SOURCE / GT VOICE
GT Voice: Vigilance against protectionism needed in EU’s carbon border tax
Published: Dec 19, 2022 11:28 PM Updated: Dec 20, 2022 12:00 AM
File Photo: VCG

File Photo: VCG

EU member states on Sunday reached a deal to overhaul the bloc's carbon market while finalizing the details of the world's first major carbon border tax and introducing the Carbon Border Adjustment Mechanism (CBAM), which will force foreign importers to cover the cost of their carbon emissions starting from 2026.

The development marks a big step forward for the EU in accelerating emissions cuts, which is undoubtedly a great encouragement in terms of joint efforts in tackling climate change on a global scale.

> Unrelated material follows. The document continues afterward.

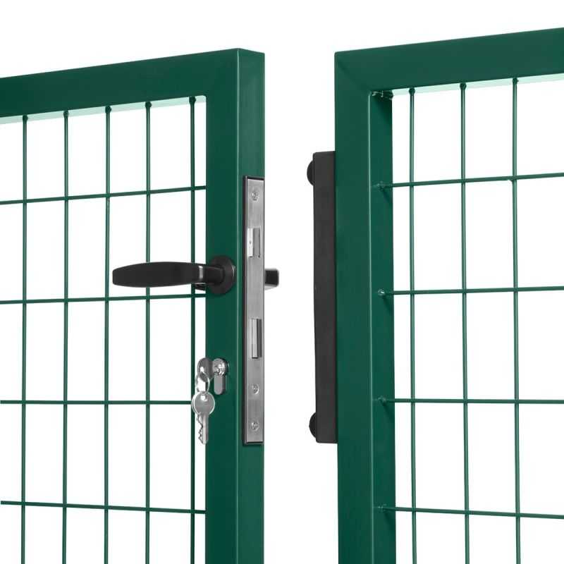 Prêt à être monté, le portail grillagé Easy Home est disponible en plusieurs couleurs et hauteurs pour s'adapter parfaitement à votre clôture en panneau rigide.

The apparently increased frequency of extreme weather events around the world in recent years is a constant reminder of the urgency in working together to reduce emissions. In doing so, setting rules to raise emission standards through carbon prices has been recognized as an important mechanism for addressing the global climate challenge, which is also seen as the best way to guide the energy transition to a low-carbon economy.

Since the EU is one of China's major trading partners, the bloc's overhaul on carbon emissions rules, especially carbon border tariffs, is bound to have certain impact on China. But given the fact that both the EU and China share the common goal of tackling climate change, there is every reason to believe most of the impact will be positive.

Over the years, China itself has been actively participating in global climate governance, fulfilling its emissions reduction obligations, and setting up its own carbon peaking and neutrality goals. Thus, China and the EU already share a lot of cooperation on carbon reduction in terms of renewable technologies, new-energy products, among others. And it is believed there is still plenty of room for further improvement in this cooperation. In this sense, the EU's efforts to reduce emissions will also boost the production and exports of relevant green products for some related industries in China.

Also, it is important to note that the EU's move could serve as a reminder that it is essential for China to establish and improve its own zero-carbon rules and policies. Whether China can establish its own zero-carbon industrial chain will be an important dimension of future global competition amid the general trend toward a green economic transition.

Fortunately, China's input in green development in recent years has laid a sound foundation for domestic industries. China's contribution to energy conservation, energy efficiency improvement, developing renewable energy, transportation, construction and other fields accounts for 30 to 50 percent of the global total, which is sufficient enough to indicate its green competitiveness in the international arena.

However, it should be pointed out that vigilance is needed as to whether the carbon border tariffs will risk protectionism. Against the backdrop of the Trans-Atlantic subsidies dispute, it seems hard to shake off the concerns about whether the EU will use the climate change as a cover to change some trade rules and erect trade barriers in its favor.

The fear now appears to be shared not only by the US but also by other trading partners, including some developing countries. For instance, US Trade Representative Katherine Tai said last week that "There are a lot of concerns coming from our side about how this is going to impact us and our trade relationship," while Ebrahim Patel, South Africa's trade minister, said they are particularly concerned about things like border adjustment taxes, and regulatory requirements that are imposed unilaterally, according to a Financial Times report on Saturday.

While as a new trade rule, the carbon border tax is something that may easily trigger concerns among trading partners, there is no denying that the EU has the right to set its own carbon pricing standard based on its own conditions and emissions targets. But it needs to be careful not to impose tariffs indiscriminately, which needs to be made within the WTO rule framework.

In the meantime, trading partners like China need to make precautions for possible trade frictions and be prepared to coordinate with the EU to work toward the right direction on climate change issues.